Wednesday, April 05, 2006


My ongoing preoccupations with some of the older texts hadn’t left time for reading any recent commentaries by the authors I usually keep track of. And I have been trying to catch up again. So today I have selected a few of the more entertaining ones for your viewing pleasure.

One of my favorites, Mr. Hanson, has been at it again with his usual spirited assault on the detractors of the Bush Administration albeit in a manner so curiously conventional.

In his When Cynicism Meets Fanaticism, he chooses to frame the question confronting us in the following terms:

Can Western enlightenment and power, embedded in deep cynicism, still prevail over ignorance and self-inflicted pathology energized by fanaticism?

This, of course, is the continuation of the gentleman’s more recent dalliance with what he so inappropriately—or fittingly, take your pick—calls Hard Pounding in an earlier piece:

Whose vision of the future wins depends on who keeps his nerve — or to paraphrase the Duke of Wellington at Waterloo, “Hard pounding, gentlemen; but we will see who can pound the longest.”

And once the riddle confronting us is framed as such, the contours of the answer too become easier to discern. We seem to have the much sought after smoking gun in this young man.

Let’s do the math now. 28 multiplied by however many poundings per session. That’s a hell of a whole lot of pounding, wouldn’t you say? And plenty more where that came from, I suspect.

Life forces obscenely redirected via the fabric of sexual abuse, as in the case above, along with other forms of physical wounds, afflictions, murder, pain, torment, torture, dismemberment and incineration all re-presented to us in that Romance of War.

The crux, of course, quite similar to Mr. Ledeen’s usual freedom as virility spiel! What is it with some of us middle aged men? Now really, aren’t we getting a bit too old for this sort of braggadocio without also appearing hell-bent on causing some minor uproar or eliciting smirks?

I remain hopeful, though, with Mr. Hanson still. Although I am beginning to totally give up on Mr. Ledeen. Unless we mange, of course, to persuade Ms. Cheney to divert some of the funds earmarked for the ongoing campaign in Iran towards purchasing a new Ouija board for our man Ledeen.

Mr. Ledeen’s favorite toy has a way of braking into sparks and static just at the very precise moment questions about his sources might be getting interesting.

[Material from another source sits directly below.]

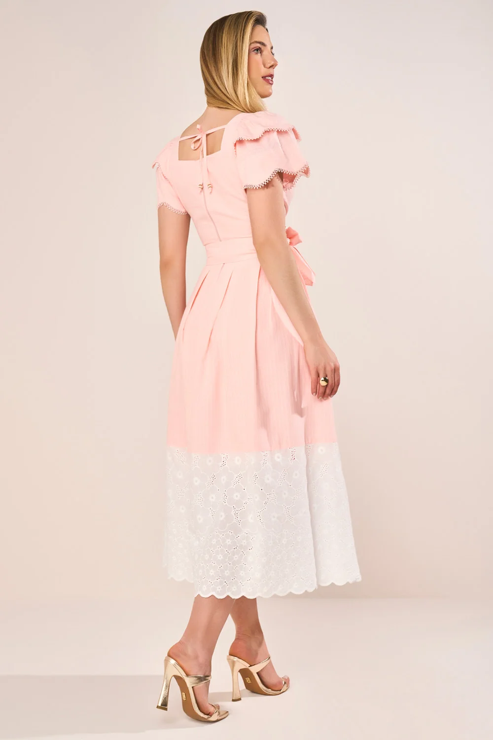 Vestido Rosa Com Laise E Guipir Evasê Midi Fascinius

All that subsequently remains is some ghost and the usual bunk.

Anyhow, Edward Luttwak asks why anyone needs to bomb Iran and its nuclear plants. Richard Ehrman traces the route to the current stand off (repeat) in what’s being billed by the editors, as “a new daily online magazine, targeted at a discerning well-educated audience and offering a spirited response to every aspect of current affairs from politics and foreign affairs to sport and the art,” The First Post.